** Work to be completed **
What you copy should be the lines from the one with "Я утром на 10" through the end of the entries, word for word. Omit the pictures.

** Records to process **
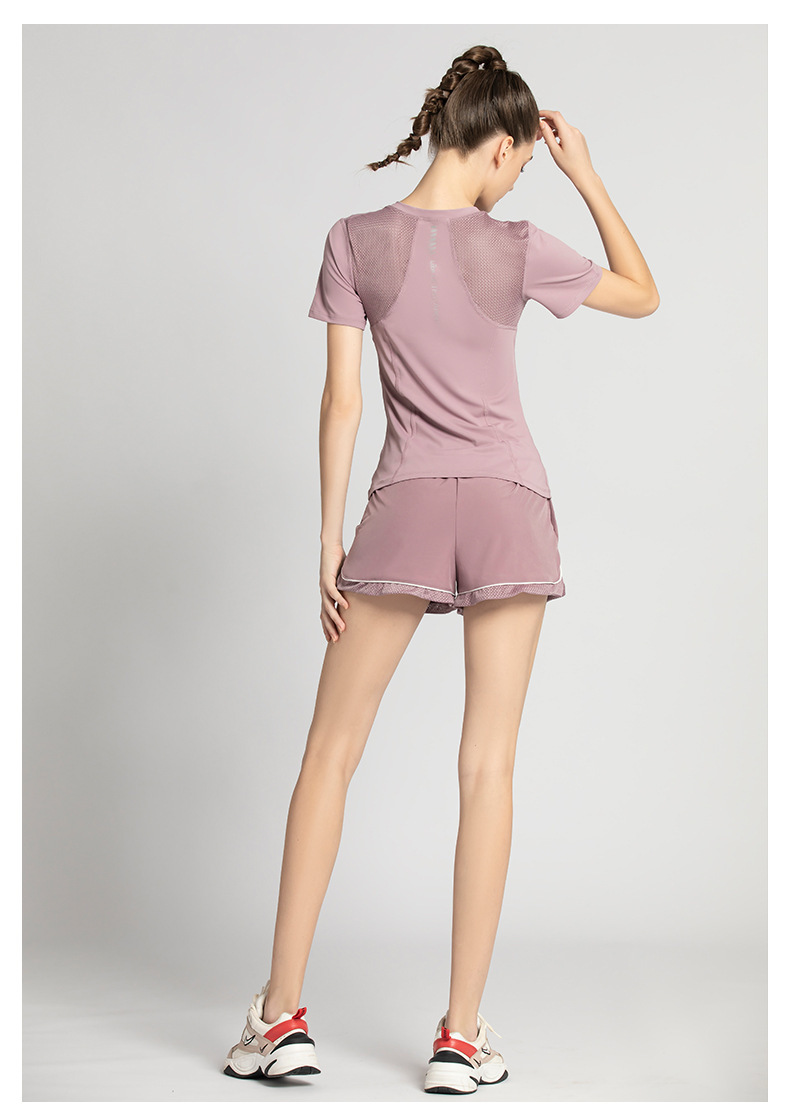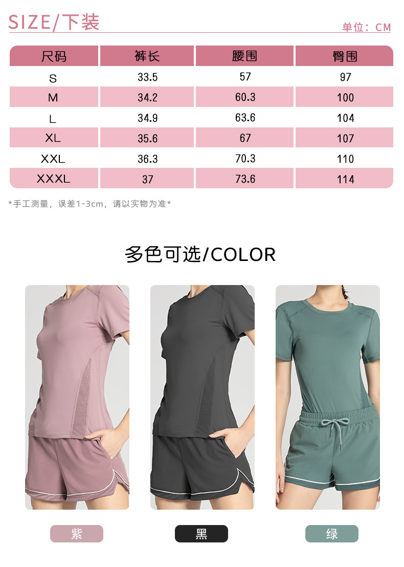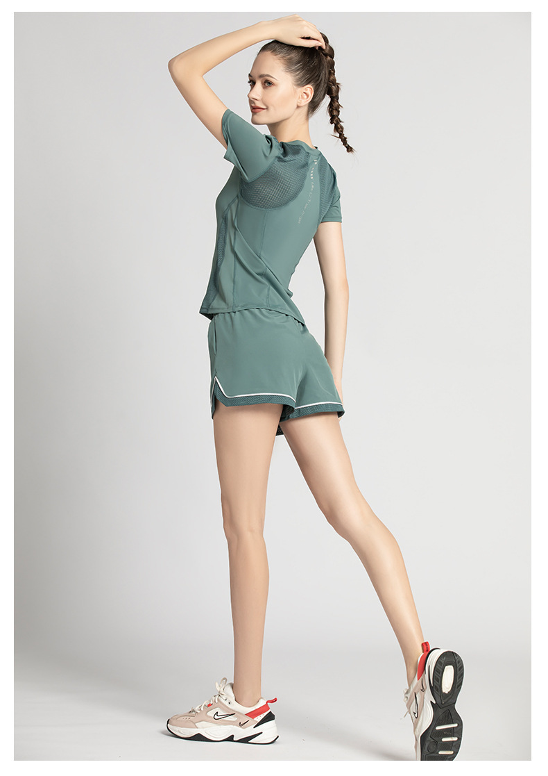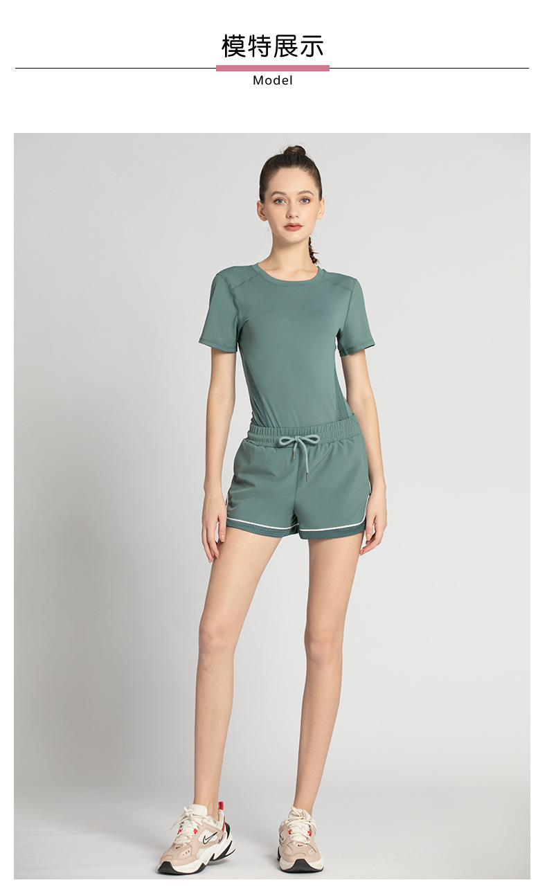 【时尚舒适,激情瑜伽!】网纱透气短袖短裤套装,自由呼吸之选!拼接网纱,修身显瘦。速干吸汗,一秒清凉!绽放青春,释放活力!
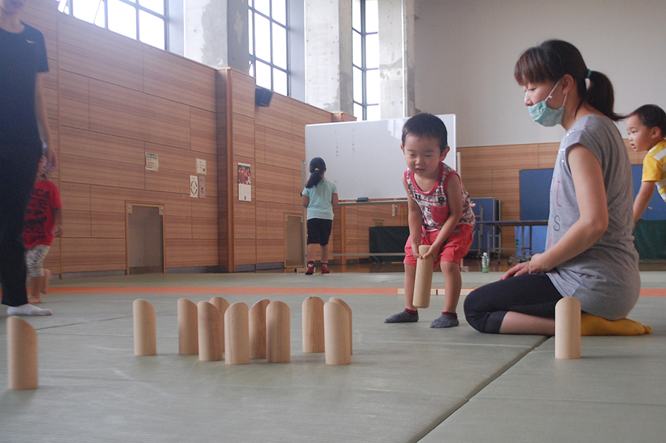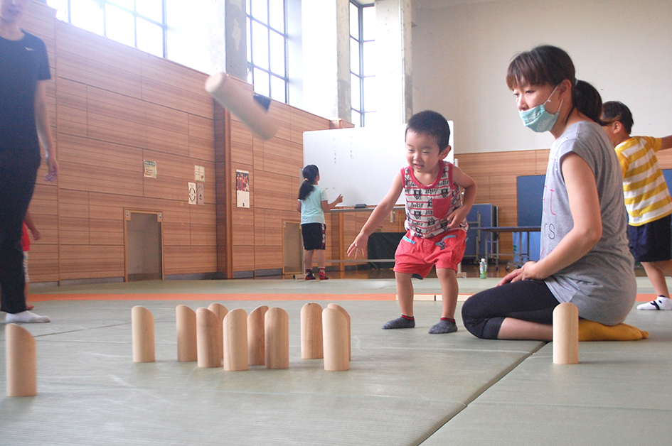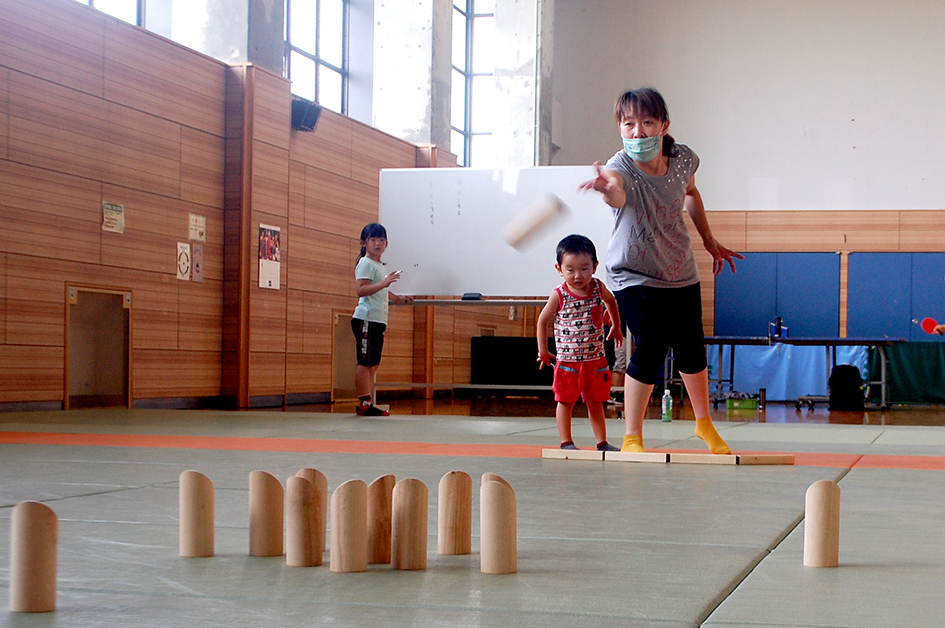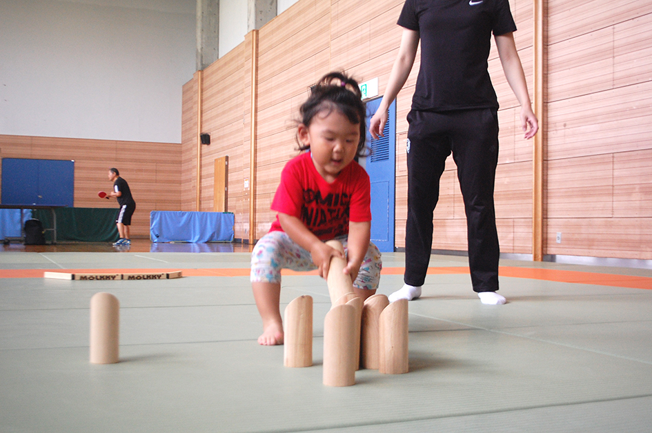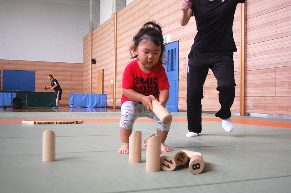 「お母さんと一緒にモルックにチャレンジ」
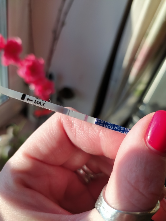 Я утром на 10 ДПОуже сделала Эви. Смотри: это тормознутый(😅) аттест на 9 ДПО(имплантация была вечером 8) а это утренний Эви. Полоску в реале видно очень хорошо, проявилась одновременно с контрольной.
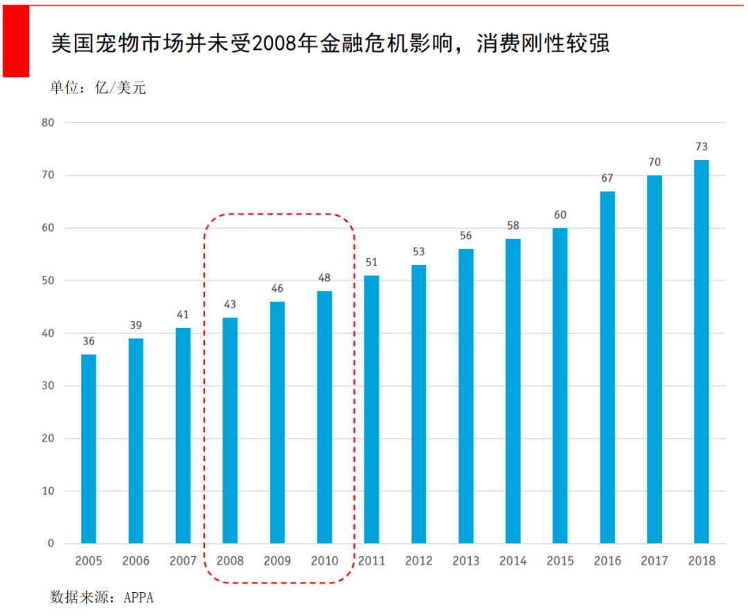 宠物消费受经济周期的影响很小,即便在2008年金融危机期间,美国整体消费支出下降,但宠物消费支出依然在上涨。
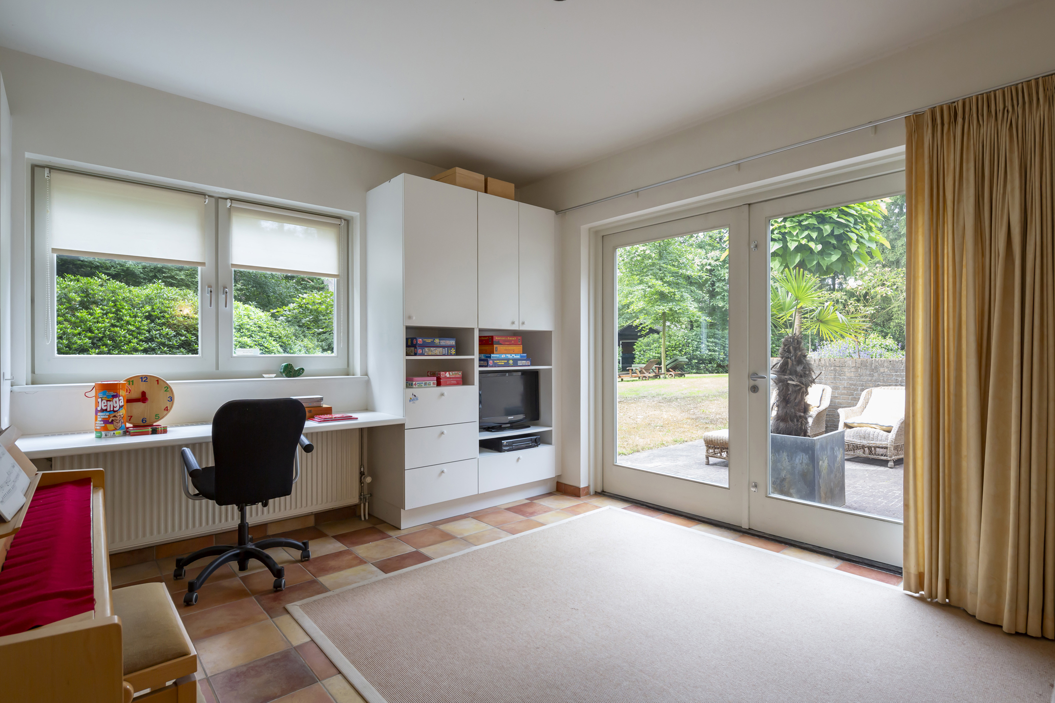 The attractive living room with fireplace is wonderfully light thanks to the large windows and has a view of the fantastic garden. The double large sliding doors provide access to the spacious covered terrace.

** Response for this exercise **
 Я утром на 10 ДПОуже сделала Эви. Смотри: это тормознутый(😅) аттест на 9 ДПО(имплантация была вечером 8) а это утренний Эви. Полоску в реале видно очень хорошо, проявилась одновременно с контрольной.
 宠物消费受经济周期的影响很小,即便在2008年金融危机期间,美国整体消费支出下降,但宠物消费支出依然在上涨。
 The attractive living room with fireplace is wonderfully light thanks to the large windows and has a view of the fantastic garden. The double large sliding doors provide access to the spacious covered terrace.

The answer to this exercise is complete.